The best argument against what we are against is to make the case for what we are for: promoting our duty to care.
I am committed to teaching about empathy and the duty to care for one another’s human rights and freedoms. Join me to make this the age of political care! Let’s frame and reframe the institutions of civilized society around empathy and our duty to care. I will argue for the Constitution because I care. I will argue for the rule of law, for equality, and fairness because I care. I will argue for judicial warrants, due process, and police accountability because I care. I will argue for the vigorous prosecution of white collar crime and wage theft because I care. I will argue to expose and imprison pedophiles because I care. I will argue the mechanisms that criminals use to evade accountability, like cryptocurrency, because I care. I will argue for accountability for those who crash the economy, taking people’s hopes, dreams, homes, and retirements with it, because I care. I will argue for economic fairness: for rewarding non-bullshit jobs that you can support a family on, plentiful housing and healthcare that everyone can afford, and for real security in retirement because I care. I will argue for public education and public transportation. I will argue for freedom of thought, expression, worship, and association, and for a free and independent press because I care. I will argue for free and fair elections that accurately reflect the will of the people because I care. I will argue for safe neighborhoods, for safe food, water, and air, for unlimited clean energy, and a stable climate because I care. I will argue for federal, state, and local governments and the civil servants that efficiently keep our country running: keep us safe, provide public benefits and services, and invest in our future, so that we all don’t have to worry about it and can go about living our lives because I care. I will argue for NATO and the International Criminal Court and against war crimes because I care. I will argue for humanitarian aid and public health because I care. I will argue for the rights to safety and self-determination for the people of Gaza, Israel, Ukraine, and everywhere else because I care.

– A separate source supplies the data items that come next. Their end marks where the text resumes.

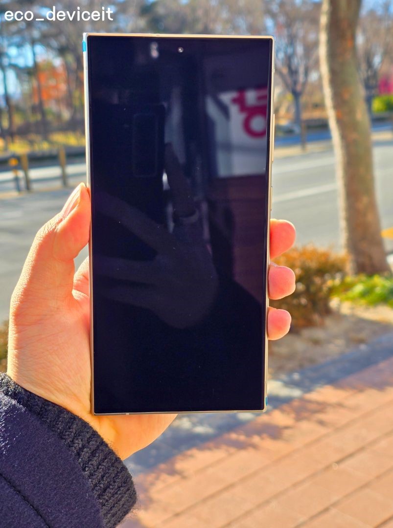 눈치채셨다시피 갤럭시 S25 울트라는 기본적으로 반사방지 화면을 탑재했기에 여기서 필름을 부착하면 반사율이 상대적으로 올라가게됩니다.
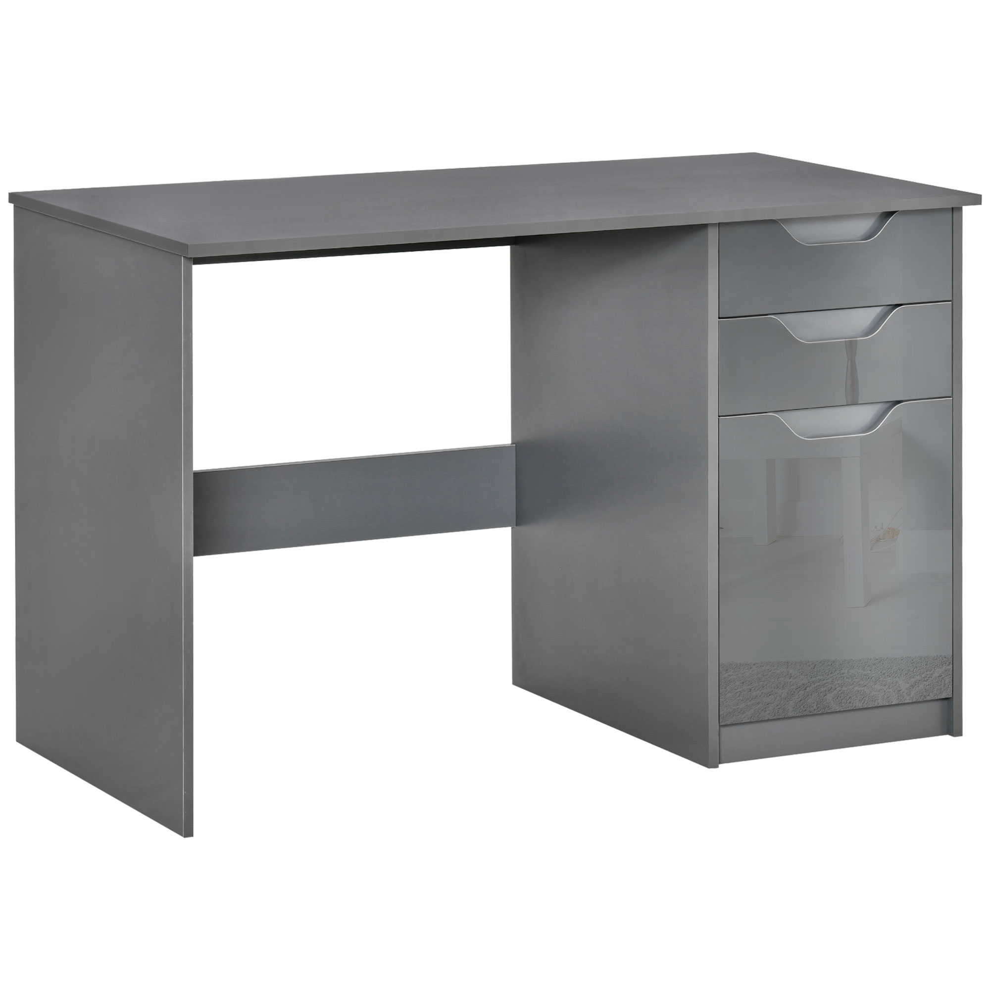 Details about Homcom High Gloss Computer Desk with Drawers, Modern Writing Workstation with Storage Cabinet, PC Study Table for Home, Office, Study, Grey
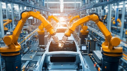 Advanced robotic arms in a modern car manufacturing plant assembling vehicle components with precision automation, showcasing futuristic industrial robotics and high-tech automotive production line te
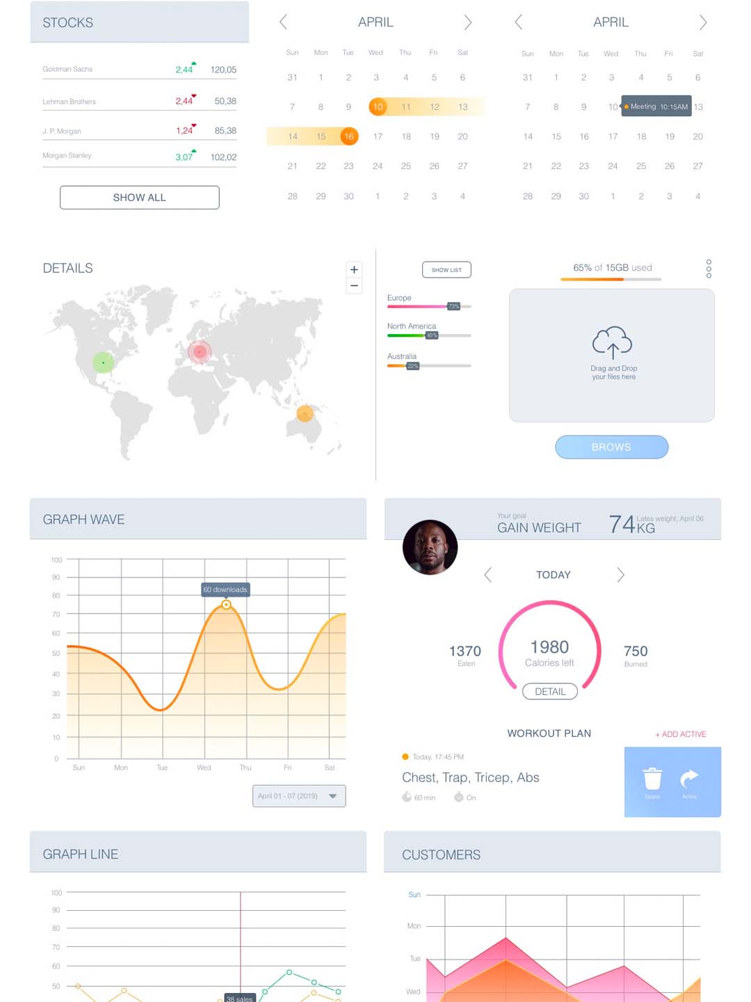 一套精品简洁风B端后台dashboard仪表盘UI源文件,管理后台XD素材下载

Talking about what we are for and how we care gives me the strength to continue to argue, and will provide voters with something to rally behind to achieve our 3.5% solution. Our choice is between a caring society and a cruel society. We must frame our criticism of Trump and others in this context of a caring vision of what could be if the institutions of our society worked the way they should work, as an expression of our collective choices to build a caring society.
This is really important. In so much civil justice work we speak to what we want to end, but not enough about what we want to build. We have to create the vision of what can be in order to bring people with us.